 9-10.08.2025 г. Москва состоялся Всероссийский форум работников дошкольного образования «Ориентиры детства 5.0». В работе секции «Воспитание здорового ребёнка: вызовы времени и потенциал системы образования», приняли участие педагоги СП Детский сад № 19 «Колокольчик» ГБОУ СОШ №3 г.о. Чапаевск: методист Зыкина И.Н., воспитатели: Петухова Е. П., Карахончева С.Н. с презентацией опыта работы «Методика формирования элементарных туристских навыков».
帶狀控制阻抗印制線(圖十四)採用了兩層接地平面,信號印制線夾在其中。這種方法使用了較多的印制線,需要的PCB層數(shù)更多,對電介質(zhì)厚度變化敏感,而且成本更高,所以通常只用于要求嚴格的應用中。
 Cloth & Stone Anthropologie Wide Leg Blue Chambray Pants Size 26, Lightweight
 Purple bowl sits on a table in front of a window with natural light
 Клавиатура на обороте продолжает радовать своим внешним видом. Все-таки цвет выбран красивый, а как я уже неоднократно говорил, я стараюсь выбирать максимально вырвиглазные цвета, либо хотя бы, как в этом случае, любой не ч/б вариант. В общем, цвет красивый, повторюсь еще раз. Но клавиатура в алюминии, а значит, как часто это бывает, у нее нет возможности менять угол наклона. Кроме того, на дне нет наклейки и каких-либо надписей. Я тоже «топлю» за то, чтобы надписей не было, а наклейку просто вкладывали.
* * *
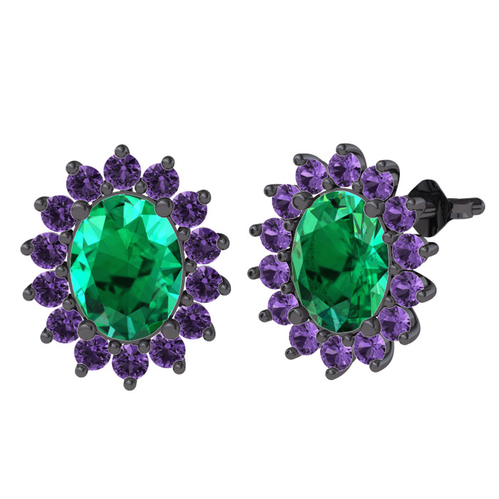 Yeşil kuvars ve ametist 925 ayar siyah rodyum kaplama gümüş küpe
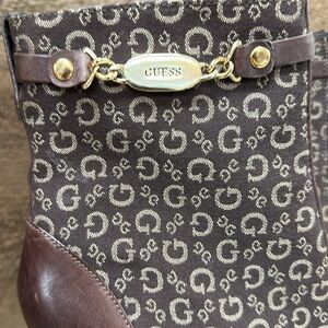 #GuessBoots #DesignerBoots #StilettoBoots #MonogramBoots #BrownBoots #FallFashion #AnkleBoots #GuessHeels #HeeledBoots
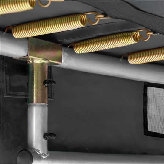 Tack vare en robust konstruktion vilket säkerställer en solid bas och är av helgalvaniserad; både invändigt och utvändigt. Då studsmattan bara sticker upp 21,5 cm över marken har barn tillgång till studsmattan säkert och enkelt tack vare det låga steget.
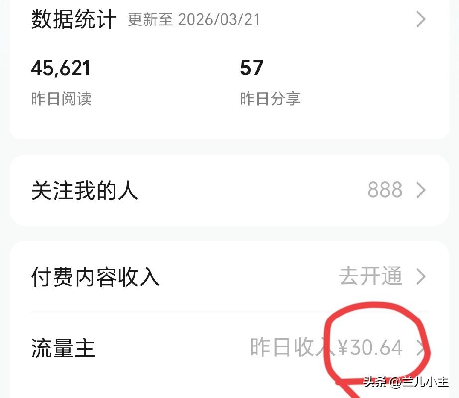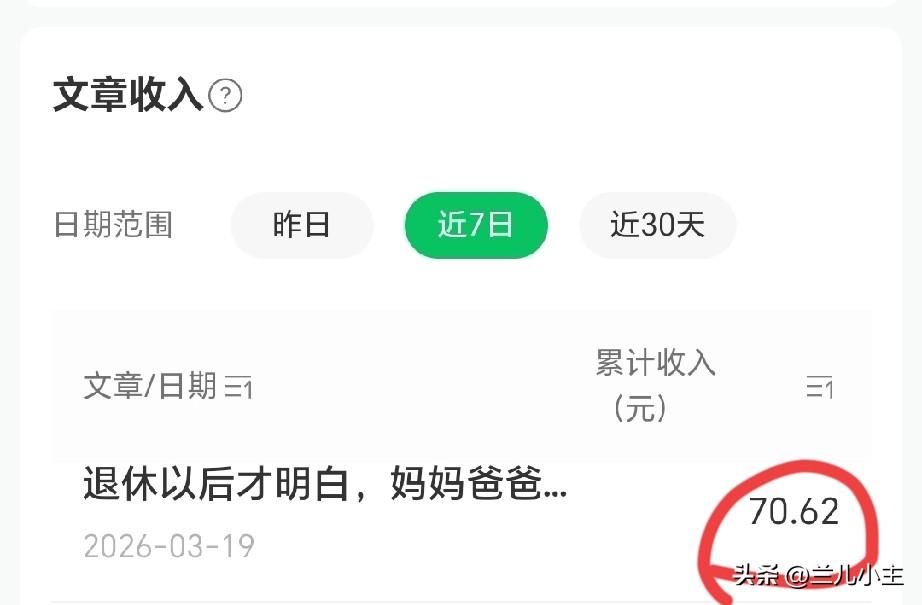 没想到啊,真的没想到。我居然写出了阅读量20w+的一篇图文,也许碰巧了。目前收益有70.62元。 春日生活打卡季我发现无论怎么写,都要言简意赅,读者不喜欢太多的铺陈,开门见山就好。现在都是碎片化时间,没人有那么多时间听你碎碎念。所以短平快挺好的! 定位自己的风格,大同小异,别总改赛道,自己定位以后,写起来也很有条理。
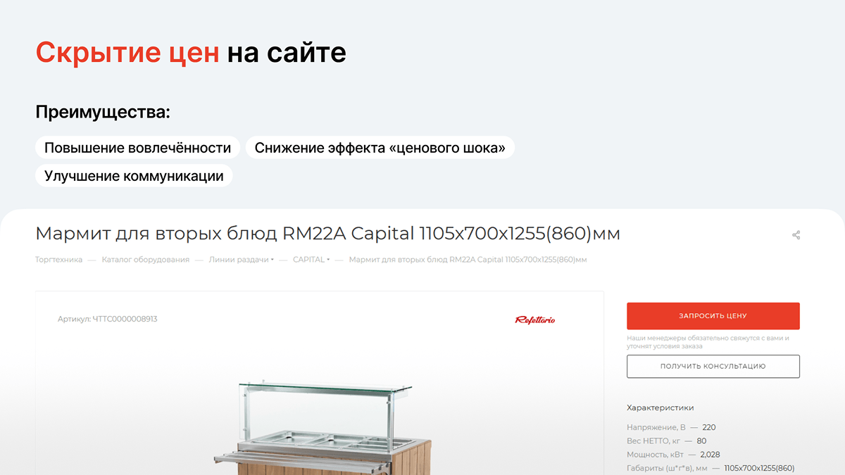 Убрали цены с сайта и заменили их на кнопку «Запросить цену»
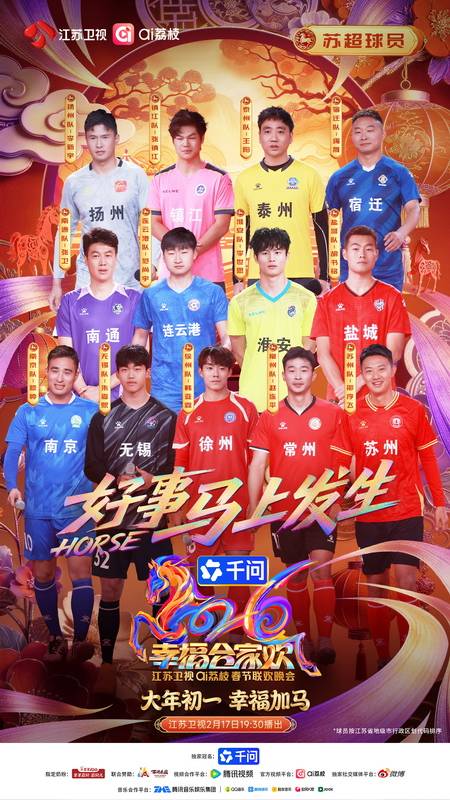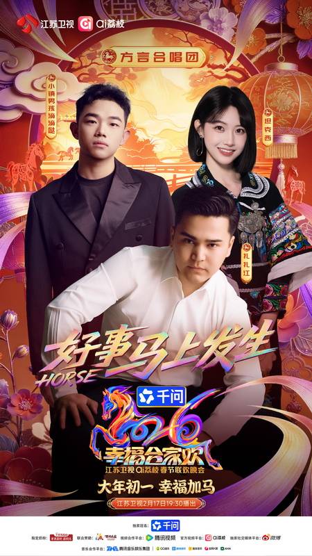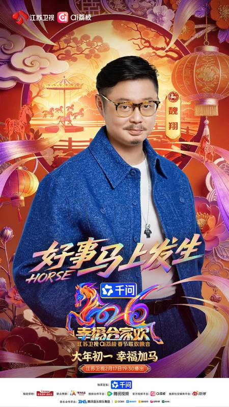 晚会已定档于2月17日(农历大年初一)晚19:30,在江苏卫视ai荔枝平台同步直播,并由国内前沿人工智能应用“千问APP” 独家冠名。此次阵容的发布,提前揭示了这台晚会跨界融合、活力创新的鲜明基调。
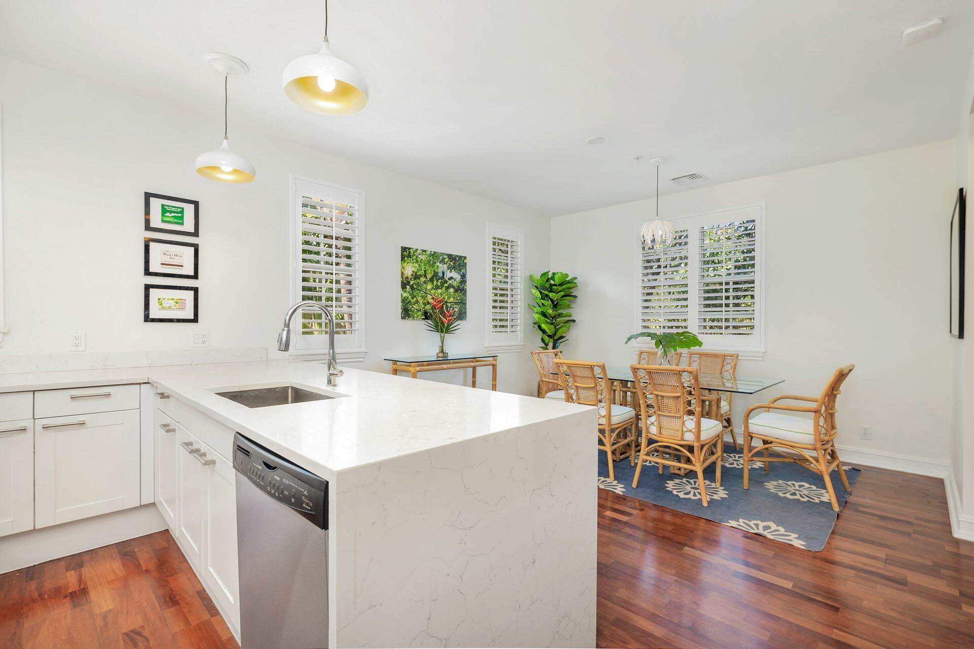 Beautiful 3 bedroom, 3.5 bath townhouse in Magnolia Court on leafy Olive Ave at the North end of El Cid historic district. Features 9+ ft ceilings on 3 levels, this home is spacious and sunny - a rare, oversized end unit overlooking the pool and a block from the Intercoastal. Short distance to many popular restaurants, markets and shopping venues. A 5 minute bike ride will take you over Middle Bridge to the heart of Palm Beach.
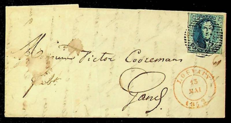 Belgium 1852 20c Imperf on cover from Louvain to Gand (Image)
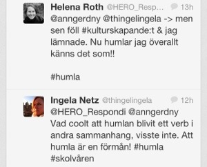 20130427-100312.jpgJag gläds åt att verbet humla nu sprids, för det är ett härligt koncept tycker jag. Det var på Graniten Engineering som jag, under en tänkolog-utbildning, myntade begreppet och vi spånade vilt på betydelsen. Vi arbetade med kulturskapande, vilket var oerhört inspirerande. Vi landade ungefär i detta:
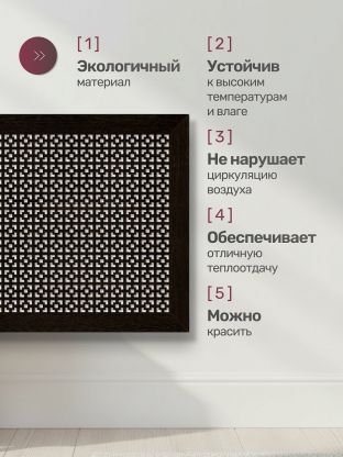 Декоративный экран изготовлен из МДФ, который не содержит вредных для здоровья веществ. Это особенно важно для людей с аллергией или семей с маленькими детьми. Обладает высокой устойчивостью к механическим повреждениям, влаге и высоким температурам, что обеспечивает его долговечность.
--
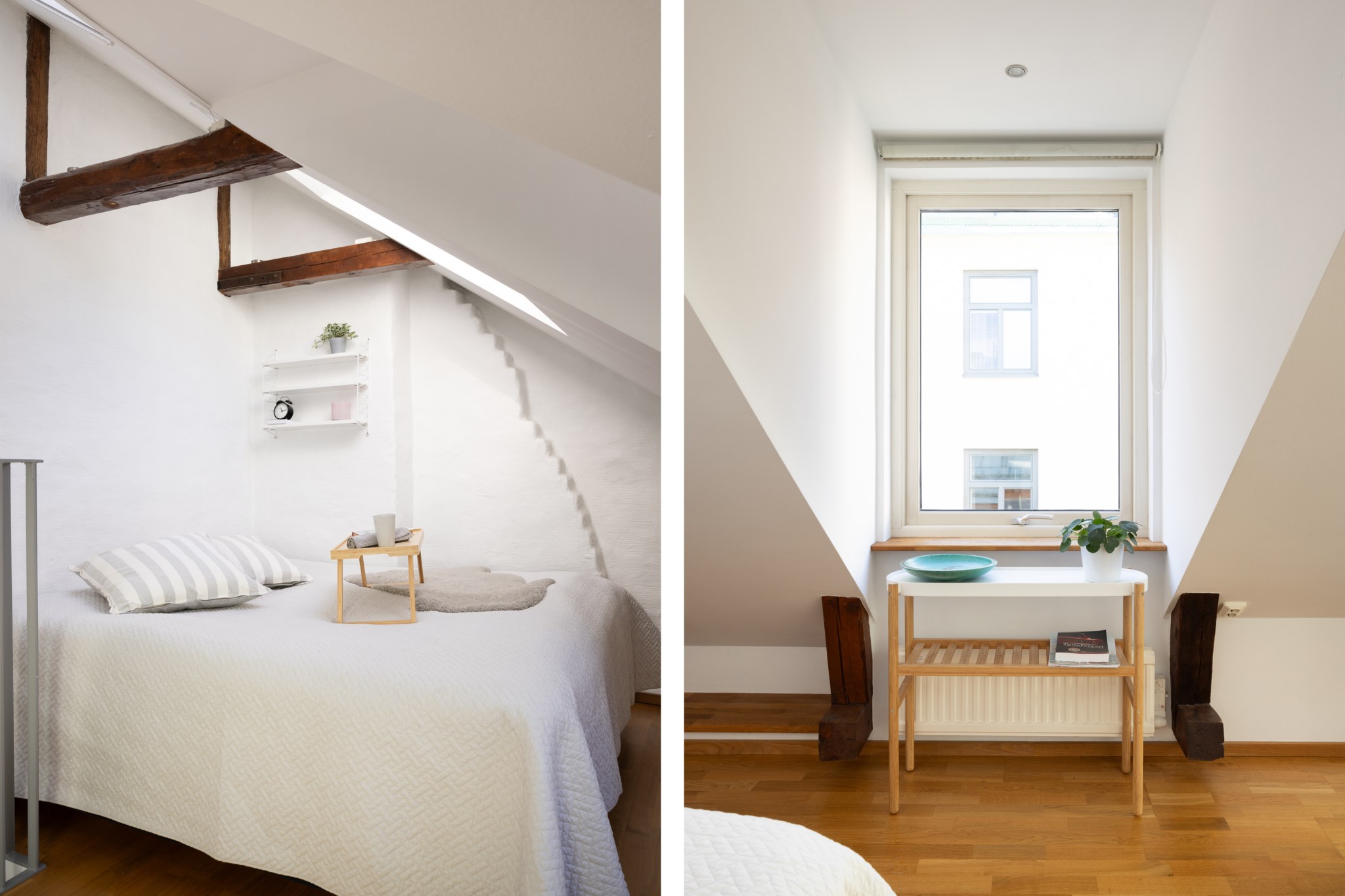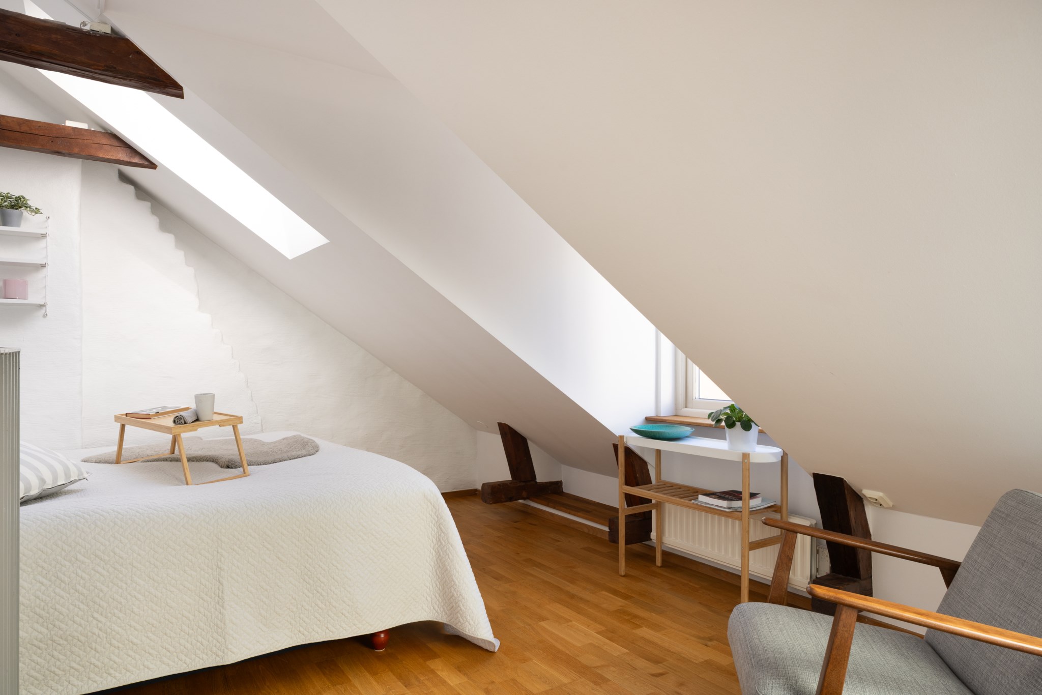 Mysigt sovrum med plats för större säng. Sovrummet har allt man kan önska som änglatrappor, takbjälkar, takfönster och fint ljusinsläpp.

Task objective - Return the span of lines in the data above that opens at the line with "Purple bowl sits" and closes at the line with "Клавиатура на обороте", exactly, ends included, nothing else.

Answer for this exercise -
 Purple bowl sits on a table in front of a window with natural light
 Клавиатура на обороте продолжает радовать своим внешним видом. Все-таки цвет выбран красивый, а как я уже неоднократно говорил, я стараюсь выбирать максимально вырвиглазные цвета, либо хотя бы, как в этом случае, любой не ч/б вариант. В общем, цвет красивый, повторюсь еще раз. Но клавиатура в алюминии, а значит, как часто это бывает, у нее нет возможности менять угол наклона. Кроме того, на дне нет наклейки и каких-либо надписей. Я тоже «топлю» за то, чтобы надписей не было, а наклейку просто вкладывали.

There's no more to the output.